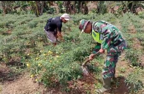 Babinsa Bantu Petani Bersihkan Gulma Tanaman Cabai
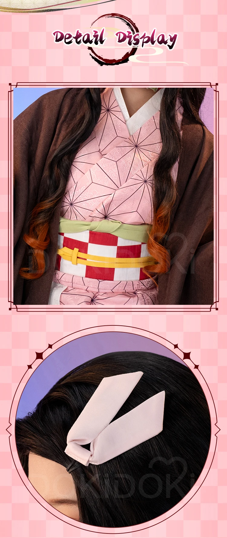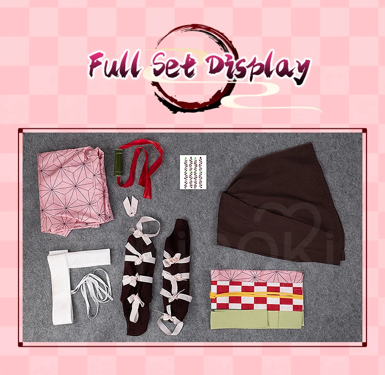 IN STOCK Kamadoo Nezukoo Cosplay Costume Anime DokiDoki-SR Women Pink Kimono Nezukoo Halloween Cosplay Wig Props
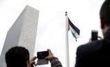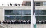 REPUBLIKA.CO.ID, NEW YORK -- Bendera Palestina berkibar untuk pertama kalinya di Markas PBB, New York, Rabu (30/9).
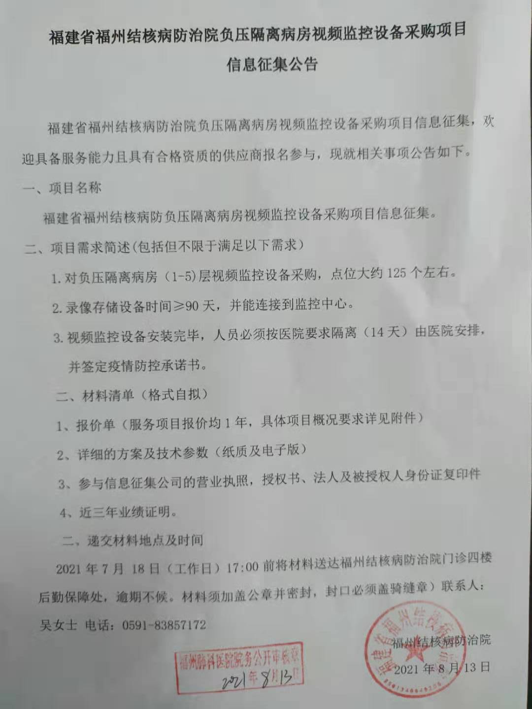 福建省福州結(jié)核病防治院負壓隔離病房視頻監(jiān)控設備采購項目信息征集公告
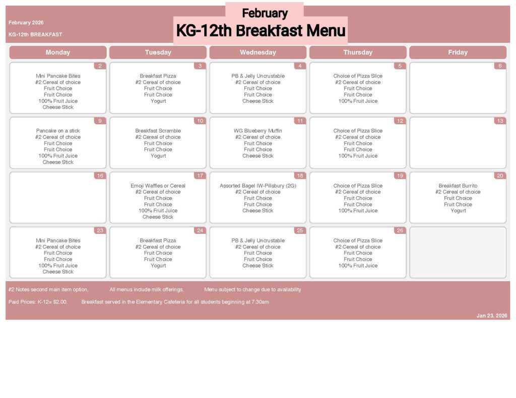 Breakfast and Lunch money can be paid online or be paid to the JH Front Office
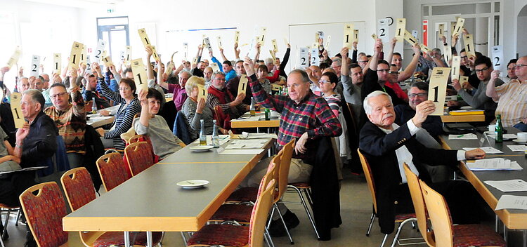 Einmütig reckten die Delegierten des Außerordentlichen Verbandstags des Tischtennisverbands Rheinland in der Römerhalle von Dichtelbach ihre grünen Karten in die Luft. „Damit kann ich feststellen, dass die Verschmelzung einstimmig angenommen ist“, sagte TTVR-Präsident Felix Heinemann um exakt 15.06 Uhr.
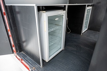 Interieur: Origineel met normale gebruikssporen – tapijten gebruikt – professioneel ingericht als foodtruck
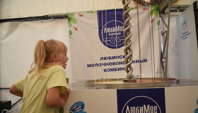 В продуктовом павильоне, когда до него дошел губернатор, охрана уже с трудом сдерживала посетителей. До открытия оставались считаные минуты, поэтому омичи осаждали палатку со всех сторон. Сначала Виталий ХОЦЕНКО подошел к стенду компании «СибХолод», где ему предложили продегустировать каравай из мороженого, затем к «Тюкалинскому хлебу», где тоже состоялась дегустация продукции, а далее губернатору представили экспозицию Любинского МКК, где руководитель компании Геннадий ВАЛЬТЕР рассказал о новинке выставки – двухцветном фонтане из сгущенки двух сортов – с какао и классической. Его сконструировали механики Любинского МКК.
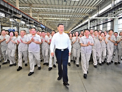 5月19日至20日,中共中央总书记、国家主席、中央军委主席习近平在河南考察。这是19日下午,习近平在洛阳轴承集团股份有限公司智能工厂考察时,同企业职工在一起。
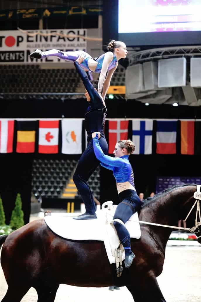 Pferdesport in NÖ | Voltigieren (19.07.2024) – An Wettkampftag 3 beim Multi-Championat der Voltigierer in der PostFinance Arena in Bern (SUI) fielen an Tag 3 (Freitag, 19.7.2024) bereits die ersten Medaillenentscheidungen. Der WM-Titel im Gruppenvoltigieren und der EM-Titel im Junioren Pas de deux wurden vergeben und gingen in beiden Fällen mehr als verdient nach Deutschland. Österreich konnte zwar nicht um die Medaillen mitreden, konnte sich aber im guten Mittelfeld platzieren.
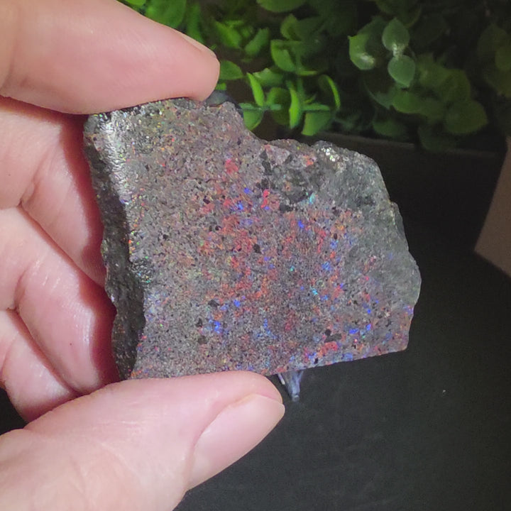**Note** Photos and Video shown are of a WET Andamooka Matrix Opal Slab Slice - they will not look this way when dry. No need to keep them wet. While the matrix is natural, these should be considered as sugar treated, which turns the matrix black and brings out the color of the Opal. This is common/accepted for this material
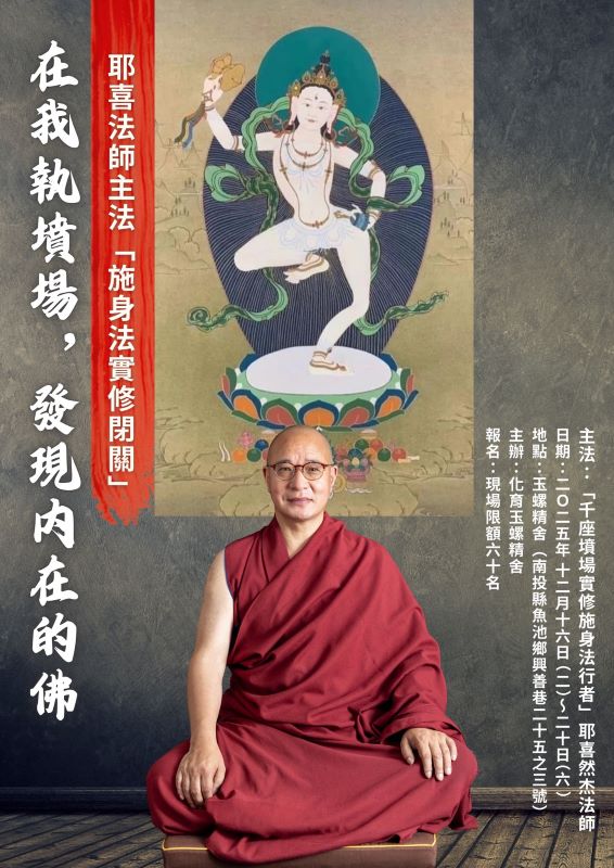這就是12月16日(二)到20日(六),在南投縣魚池鄉日月潭附近的化育修行村「玉螺精舍」舉行的「施身法實修」,將由耶喜然杰喇嘛帶領實修,並分享實修經驗與竅訣,還要說說能激勵修行士氣的施身法小故事,邀請您參加,名額有限,現場只有60名,請即報名。
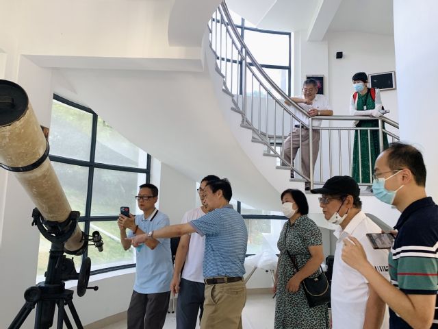 在天文台,老师们了解了天文系的历史和相关设备。其后的天文科普球幕观影让大家通过了解宇宙和恒星、行星的形成及演变过程,领略星空的灿烂和美丽,感受宇宙的浩瀚与神奇。
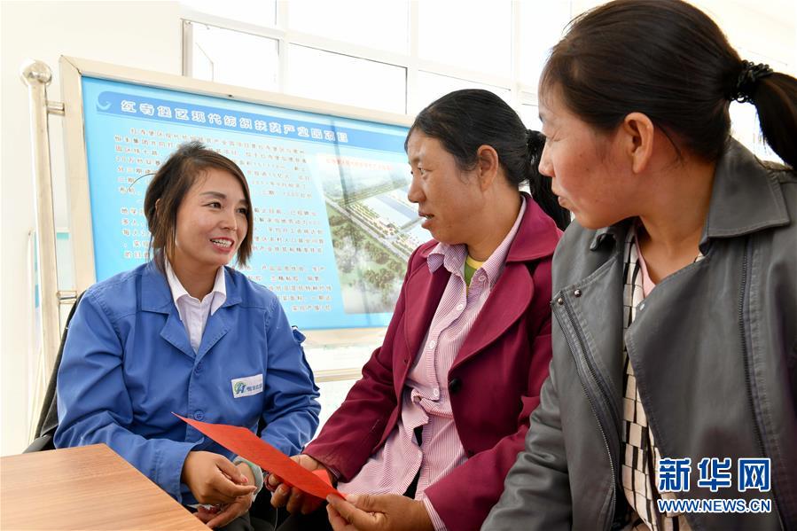 9月8日,在宁夏吴忠市红寺堡区德州恒丰集团吴忠兴民纺织科技扶贫产业园,工作人员胡英(左)向前来应聘的群众介绍薪资情况。
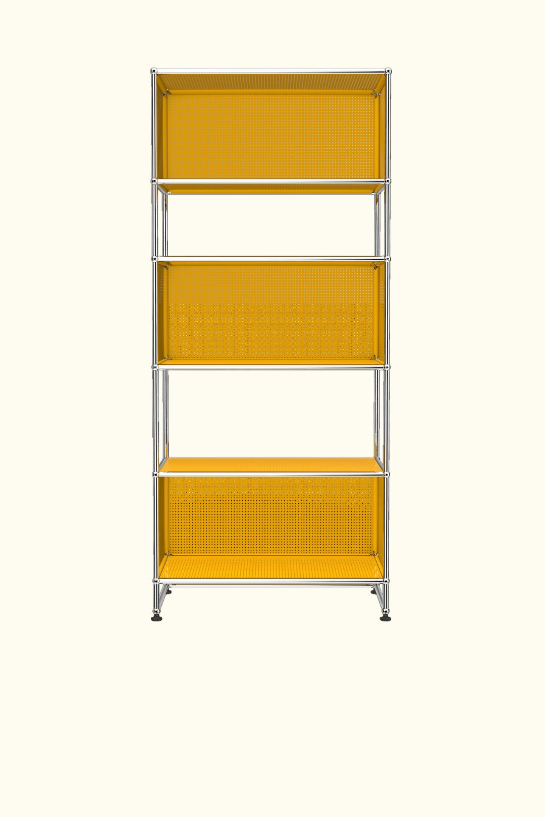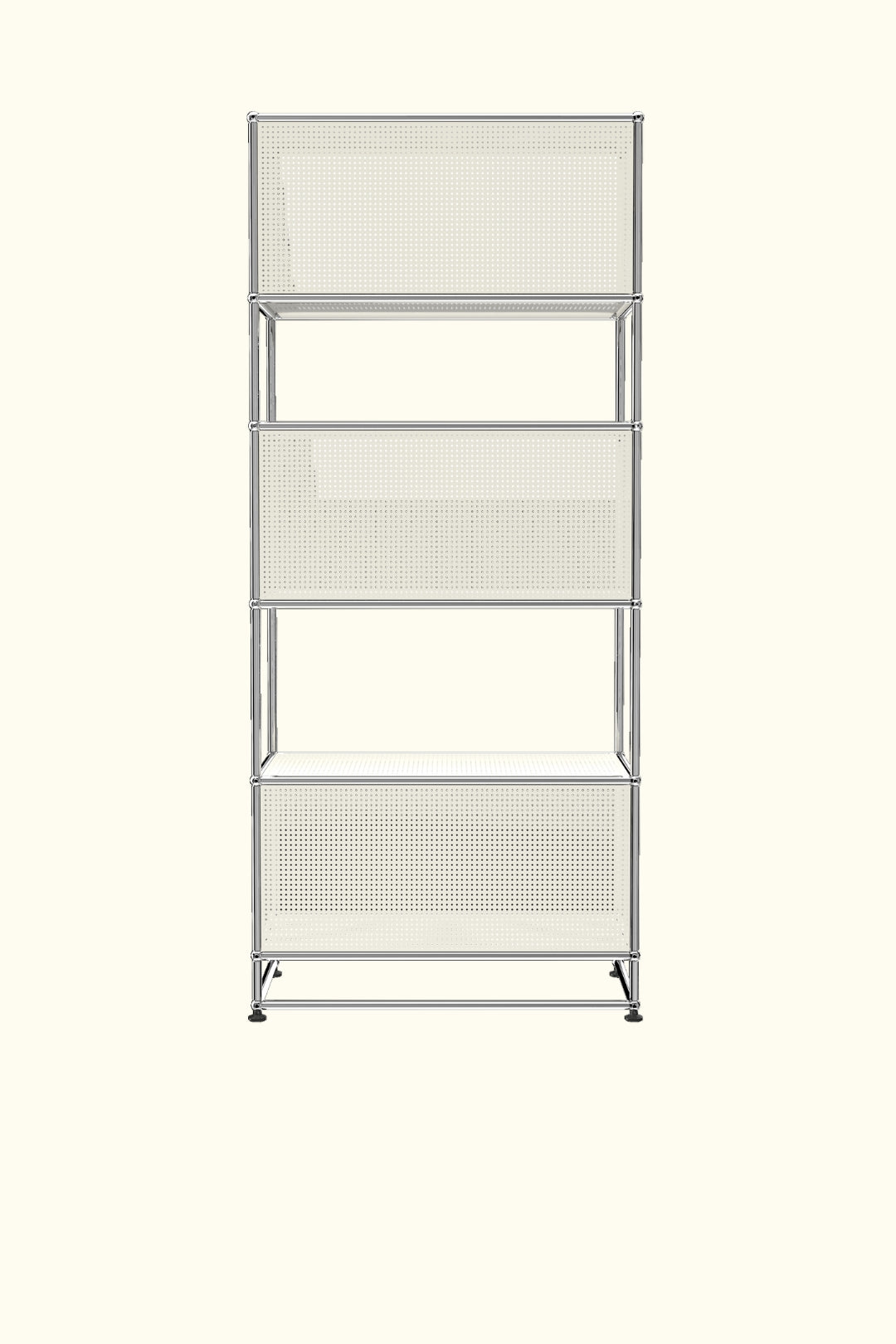 A multi-purpose storage unit with four 14"H drop-down doors that lock with the twist of a coin. The USM Haller system is made of powder-coated steel panels and chromed steel frame. GREENGUARD and Cradle to Cradle Certified®.
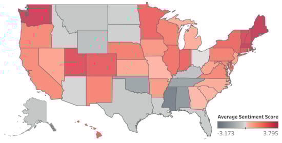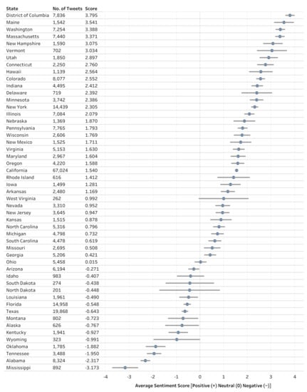 Figure 4 displays the average sentiment scores of 50 states and the District of Columbia (n = 51) between 12 January and 31 December 2020. The average sentiment score can vary from −10 (all tweets from the state are classified as “negative”) to 10 (all tweets from the state are classified as “positive”). The state average sentiment score ranges from −3.173 (Mississippi) to 3.795 (District of Columbia). The number of tweets from each state varies from 201 (North Dakota) to 67,024 (California). The 95% confidence intervals depend on the number of tweets collected from each state, resulting in larger confidence intervals for North Dakota (n = 201), West Virginia (n = 262), and South Dakota (n = 274).
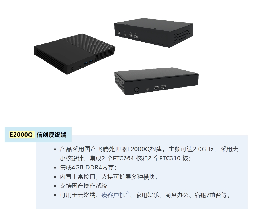 此外,新葡京博彩官网还带来了基于 E2000Q 构建的信创瘦终端和网安硬件平台,以及可信根、加密卡、可信服务器等系列产品,同样在现场备受瞩目。
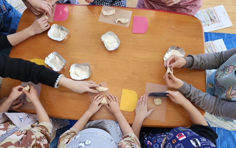 - 親子パン作り教室を楽しく実施することができました。保護者の方からは、家でも作ってみたいとの感想がありました。
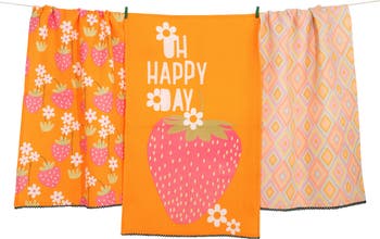 Add a whimsical touch to your home decor with this set of three kitchen towels made from absorbent waffle-textured cotton finished with playful graphic print.

WHAT THIS TASK INVOLVES >> In your reply, please print exactly the lines from the one with "A multi-purpose storage" through the final line of the listing above, both included, and no pictures.

EXERCISE ANSWER >>
 A multi-purpose storage unit with four 14"H drop-down doors that lock with the twist of a coin. The USM Haller system is made of powder-coated steel panels and chromed steel frame. GREENGUARD and Cradle to Cradle Certified®.
 Figure 4 displays the average sentiment scores of 50 states and the District of Columbia (n = 51) between 12 January and 31 December 2020. The average sentiment score can vary from −10 (all tweets from the state are classified as “negative”) to 10 (all tweets from the state are classified as “positive”). The state average sentiment score ranges from −3.173 (Mississippi) to 3.795 (District of Columbia). The number of tweets from each state varies from 201 (North Dakota) to 67,024 (California). The 95% confidence intervals depend on the number of tweets collected from each state, resulting in larger confidence intervals for North Dakota (n = 201), West Virginia (n = 262), and South Dakota (n = 274).
 此外,新葡京博彩官网还带来了基于 E2000Q 构建的信创瘦终端和网安硬件平台,以及可信根、加密卡、可信服务器等系列产品,同样在现场备受瞩目。
 - 親子パン作り教室を楽しく実施することができました。保護者の方からは、家でも作ってみたいとの感想がありました。
 Add a whimsical touch to your home decor with this set of three kitchen towels made from absorbent waffle-textured cotton finished with playful graphic print.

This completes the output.